Умная каюта уже давно погасила огонь, ущерб обстановке нанесен минимальный. Важно, чтобы не пострадал сам ребенок.
– Обожглась? – спрашиваю озабоченно. Обычно огонь не причиняет представителям нашей расы большого вреда, да и регенерация у нас срабатывает быстро. Даже если у огненного и появляется ожог, он бывает слабым и заживает буквально на глазах. Но Феникс огненная не на сто процентов. Ее отцом является землянин, пусть и не совсем обычный, среди предков которого затесался кто-то из огненных людей. Насколько огонь опасен для нее, никто не знает, поэтому тревога моя не надуманна.

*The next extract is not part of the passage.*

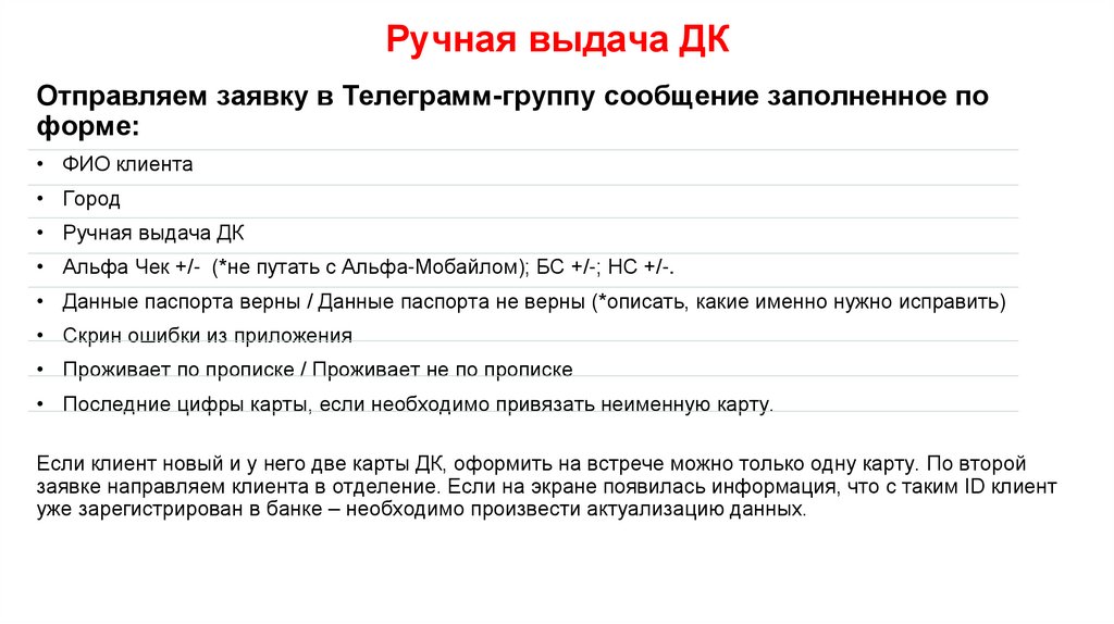 Ручная выдача ДКОтправляем заявку в Телеграмм-группу сообщение заполненное по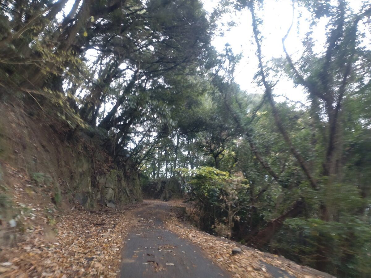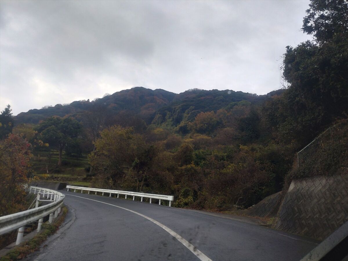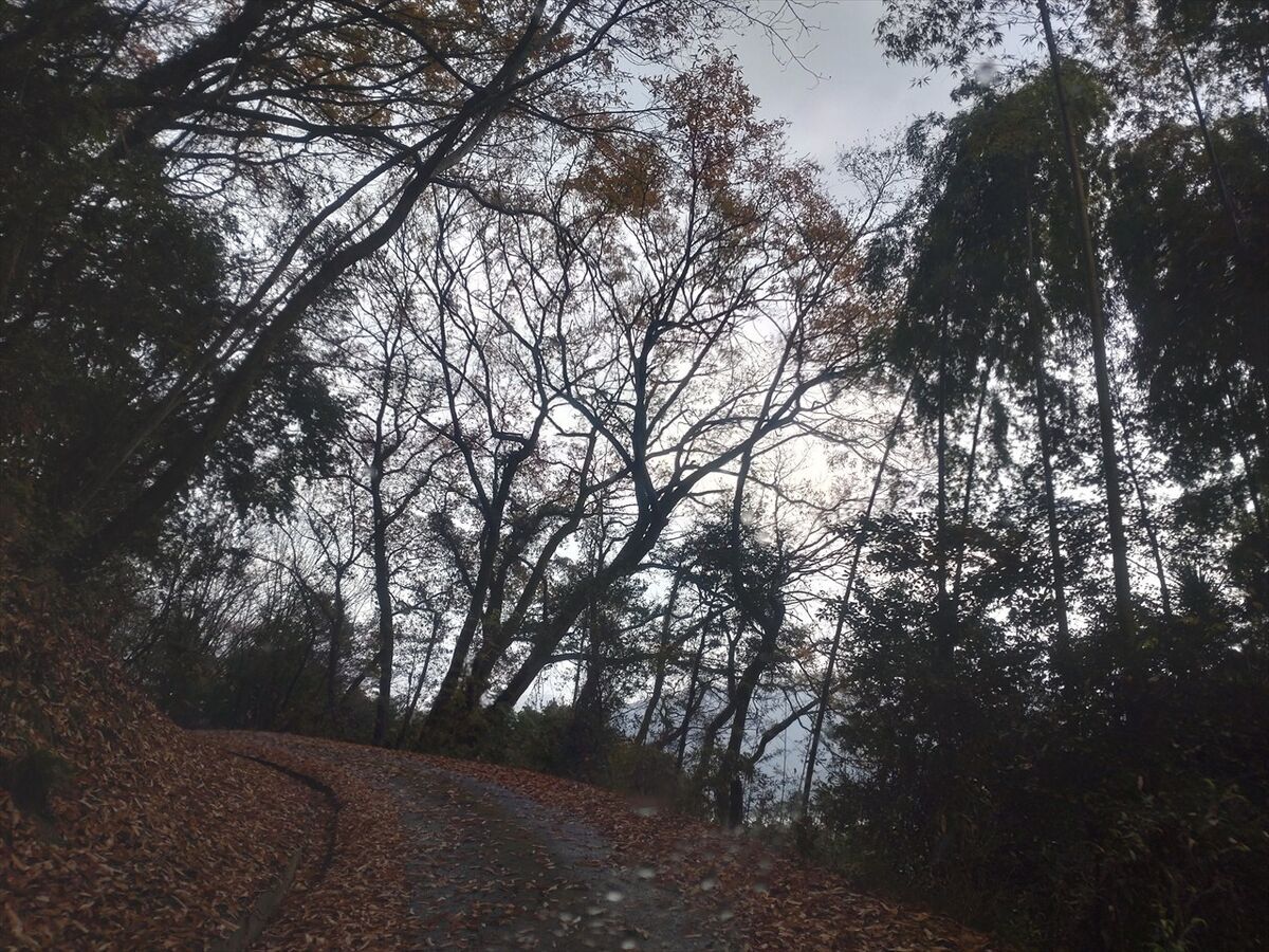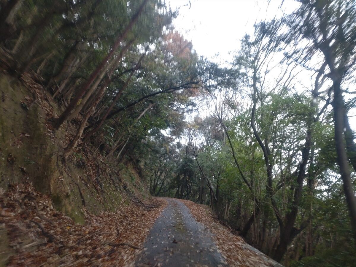 狭い山道に入りました。落ち葉が多く時々落石あっても見分けにくくタイヤで踏まないように慎重に運転していきます。

– Нет, слава Всевышнему, – отвечает Саламандра, – только напугалась.
– Что тебе приснилось, дорогая? – спрашиваю участливо у внучатой племянницы.
– А ты не будешь смеяться? – спрашивает робко.
Есть у меня такое свойство – люблю позубоскалить, даже если ирония не совсем уместна или неуместна от слова совсем. Так что опасения Феникс небеспочвенны. Но все же я не настолько жестокий, чтобы потешаться над сном, который так сильно напугал юную деву.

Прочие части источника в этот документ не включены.